BACKGROUND: Benzodiazepines and antidepressants are effective agents for the treatment of generalized anxiety disorder (GAD), with the HAM-A frequently used as a primary outcome measure. The GAD literature is inconsistent regarding which medications are more effective for somatic versus psychic symptoms of GAD, and treatment guidelines do not advocate for prescribing based on subtype.

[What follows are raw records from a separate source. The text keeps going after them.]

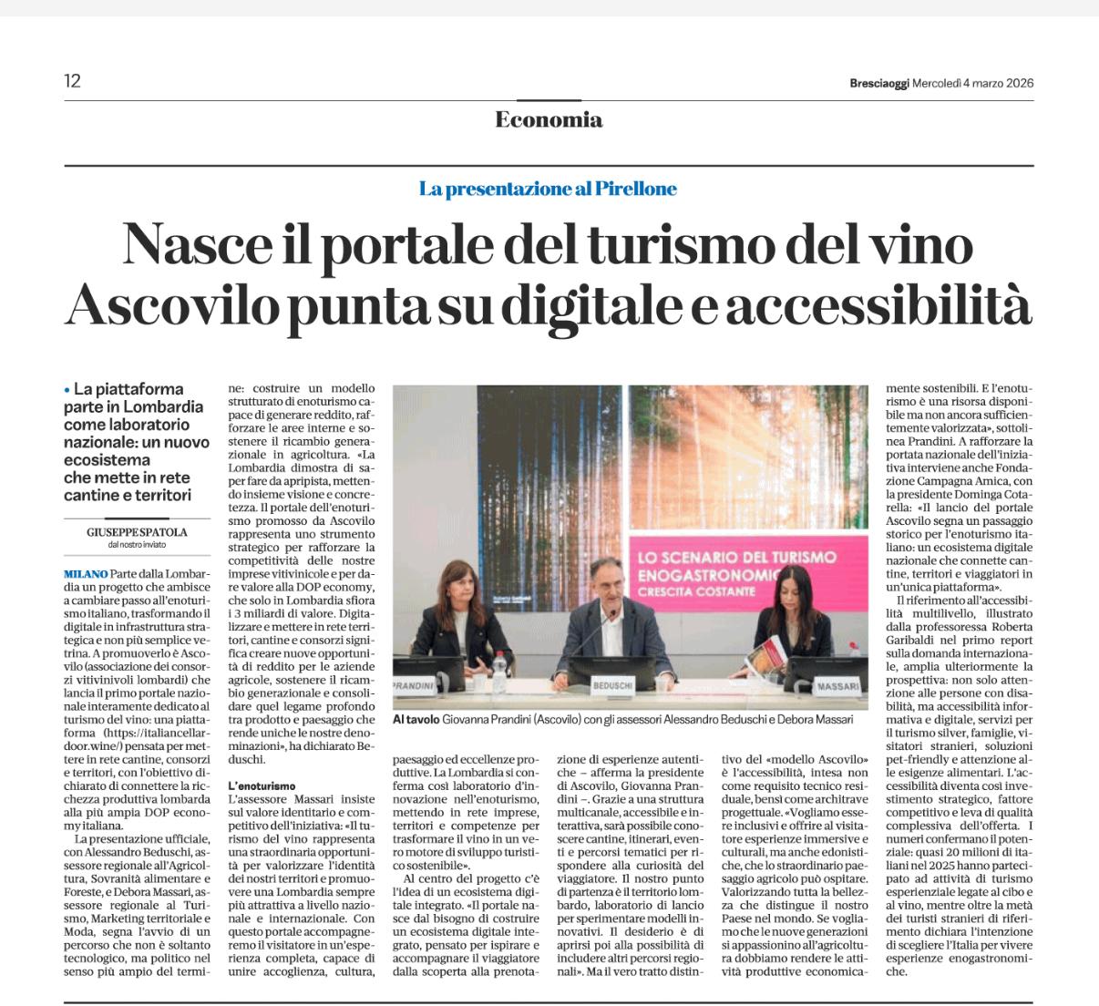 Rassegna 2025 Giovanna Prandini rieletta alla guida di Ascovilo Scopri di più Giovanna Prandini confermata leader di Ascovilo Scopri di più Giovanna Prandini resta alla guida di Ascovilo Scopri di più Giovanna Prandini resta alla guida di Ascovilo Scopri di più Un mantovano tra i vertici di Ascovilo Scopri di più Giovanna Prandini confermata leader di Ascovilo Scopri di più Un mantovano tra i vertici di Ascovilo Scopri di più Giovanna Prandini rieletta alla guida di Ascovilo Scopri di più Primo portale nazionale dedicato al turismo del vino Scopri di più Primo portale nazionale dedicato al turismo del vino Scopri di più Strade dei vini e dei sapori di lombardia Scopri di più Per Ferretti ordine su del 36$ E il riva più grande di sempre Scopri di più Partecipazione oggi alla festa Fim Scopri di più Sapori e Profumi Tutto il gusto di 'Goloseria' Scopri di più Sapori e Profumi Tutto il gusto di 'Goloseria' Scopri di più Strade dei vini e dei sapori, alla guida Gianni Bosselli La ricerca sulle imprese preentata da Guidesi Scopri di più Le strade del vino alleate per raccontare i territori Scopri di più Opere strategiche senza fondi: 84 milioni cercasi Scopri di più Taglio del nastro per "Colline in bolle" più di 80 etichette in degustazione Scopri di più Taglio del nastro per "Colline in bolle" più di 80 etichette in degustazione Scopri di più Tradizione e Trasformazione Le trattorie coi "Tre Gamberi" Scopri di più I vent'anni di Golosaria nel piatto, nel bicchiere e in una mostra Scopri di più Golosaria a Milano Rho formassi e vini orobici Scopri di più Golosaria a Milano Rho Gruppo 121 Formaggi e vini orobici Scopri di più Golosaria a Milano Rho Formaggi e vini orobici Scopri di più Vent'anni di Golosaria la fiera che celebra il gusto della contemporaneità Scopri di più Vent'anni di Golosaria la fiera che celebra il gusto della contemporaneità Scopri di più Merano Wine Festival: il made in BS è protagonista Scopri di più Merano Wine Festival: il made in BS è protagonista Scopri di più Vino, i consorzi bresciani al Merano WineFestival Scopri di più Vino, i consorzi bresciani al Merano WineFestival Scopri di più Vini bresciani protagonisti al Merano Wine Festival Scopri di più Vini bresciani protagonisti al Merano Wine Festival Scopri di più Vino, i ricavi crescono del 2% soffrono le aziende medio-piccole Scopri di più Vino, i ricavi crescono del 2% soffrono le aziende medio-piccole Scopri di più Villagio di Natale tra pattini e sapori Scopri di più «L'agricoltura nel futuro con le nuove generazioni» Scopri di più L'Intelligenza artificiale in campo per la sicurezza Premio a Perla del Garda Scopri di più L'Intelligenza artificiale in campo per la sicurezza Premio a Perla del Garda Scopri di più «Ai» e sicurezzain campo, premio europeo a Perla del Garda Scopri di più Beduschi: "Per le feste brindiamo lombardo" Scopri di più Dieci milioni per sostenere i produttori di vino lombardi Scopri di più Promozione del vino Risorse per oltre 10 milioni Scopri di più «Agricoltura e turismo alleati per il vino» Scopri di più Vino, dalla Regione 15 milioni di euro per la promozione Scopri di più Vino regionale Sondrio al centro Scopri di più Scende in campo Ascovilo «Le denominazioni vanno sempre difese» Scopri di più Enoturismo e accessibilità: Beduschi e Massari alla presentazione del nuovo portale Scopri di più Nasce il portale del turismo del vino Ascovilo punta su digitale e accessibilità Scopri di più Nasce il portale del turismo del vino Ascovilo punta su digitale e accessibilità Scopri di più Il vino, carta per il turismo Anche con il nuovo portale Scopri di più La ricchezza del turismo del vino Nasce il primo portale nazionale Scopri di più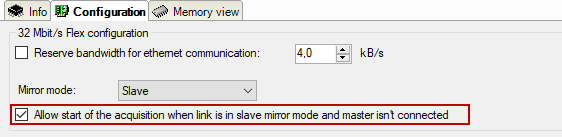 If the slave doesn’t receive a configuration within 6 s, ibaPDA generates an error message. If the option Allow start of the acquisition when the link is in slave mirror mode and master isn’t connected is enabled, then the acquisition will start anyway with the last configuration.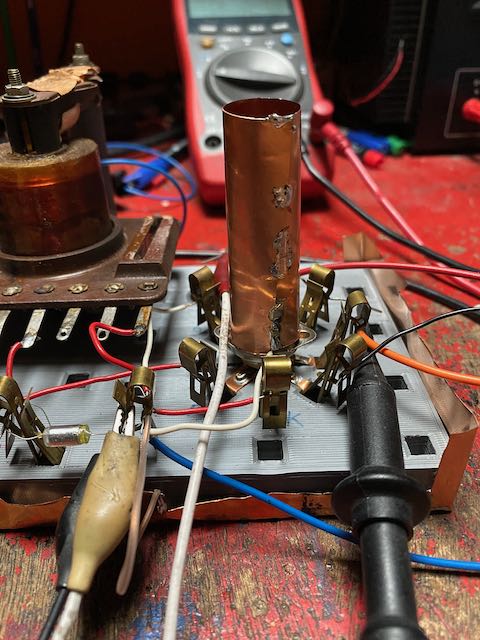 Bei diesem Versuch zeigte sich jedoch eine starke Handempfindlichkeit der EF98: sobald ich die Hand der Röhre nähere, steigt die Amplitude stark an! Berühre ich die Röhre im Bereich der Elektroden (also an der flachen Seite), wird eine sehr starke 50Hz Einstreuung beobachtet. Dies verwundert, da die EF98 einen Schirm besitzt, der innen direkt mit der Kathode verbunden ist und externe elektrische Felder eigentlich abschirmen sollte. Um diese Einstreuungen zu unterbinden, habe ich die EF98 mit einer Kupferabschirmung versehen, die mit dem Masse-Sternpunkt verbunden ist.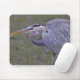 Der große blaue Held, auf dem Originalfoto von ZoeSPEAK auf diesem Mauspad, zeigt seinen Absturz, sieht ein bisschen wie ein Stachelschwein aus, flattert seine Federn, um sich größer zu machen, um einem anderen Vogel zu sagen, dass es sein Territorium ist. Im Foto sehen wir den Vogel im Profil, seine graublaue Färbung endet in einem weißen Kopf mit tiefblauen Bändern auf beiden Seiten. Sein langer gelber Schnabel zeigt gerade nach vorn, während er mit seinem langen, gekrümmten Hals an seinem Körper festsitzt. Der Hintergrund von Gräsern ist in gedämpften Erdtönen mit durchweg grünen Teilen.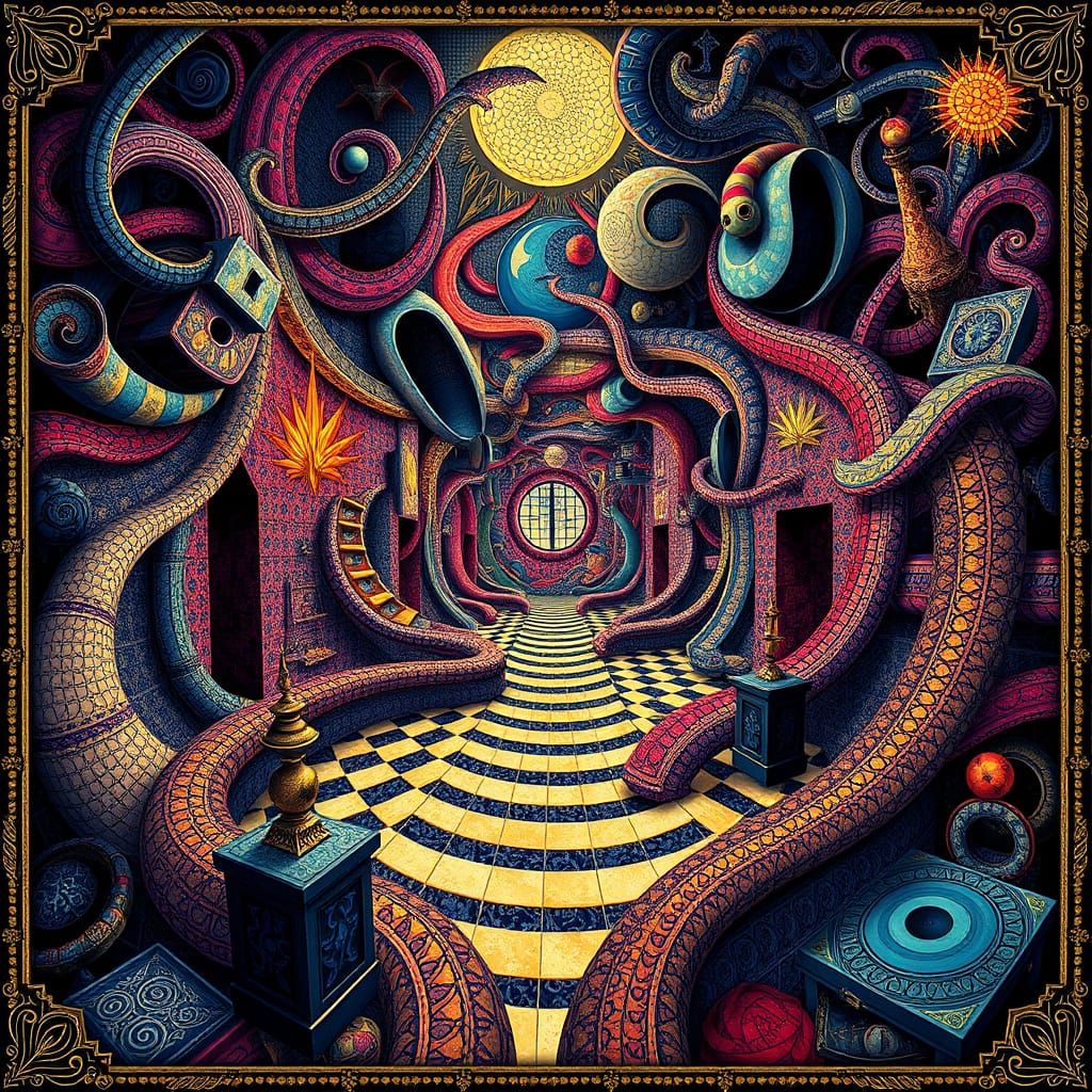 This vibrant art nouveau image depicts a surreal maze with intricate patterns, blending Cubist and psychedelic elements, set on a hidden chessboard grid, evoking the optical illusions of Bridget Riley and Victor Vasarely.

This meta-analysis aimed to determine whether benzodiazepines and antidepressants have a differential impact on the somatic versus psychic subscales of the HAM-A in GAD. METHODS: An electronic search was undertaken for randomized controlled trials of either benzodiazepines or antidepressants for GAD that reported treatment response using the HAM-A subscales. Data were extracted by independent reviewers. A random effects assessment of weighted mean difference with 95% confidence intervals and subgroup difference was applied. All analysis was done on SPSS 26. An assessment of bias, and of quality of evidence was performed. RESULTS: 24 randomized controlled trials met the inclusion criteria: 18 antidepressant trials, 5 benzodiazepine trials and 1 of both. 14 studies were assessed as having between some and high risk of bias, while 10 were assessed as having low risk of bias. Benzodiazepines (WMD of 1.81 [CI 1.03, 2.58]) were significantly more effective than antidepressants (WMD of 0.83 [CI 0.64, 1.02]) for reducing somatic symptoms of GAD (Chi2 = 5.81, p = 0.02), and were also more effective (WMD of 2.46 [CI 1.83, 3.09]) in reducing psychic symptoms than antidepressants (WMD of 1.83 [CI 1.55, 2.10]), although this comparison did not reach statistical significance (Chi2 = 3.31, p = 0.07). CONCLUSION: The finding that benzodiazepines were significantly more effective than antidepressants for somatic symptoms needs to be weighed up against potential benefits of antidepressants over benzodiazepines. It may be useful for future treatment guidelines for GAD to explicitly consider symptom subtype.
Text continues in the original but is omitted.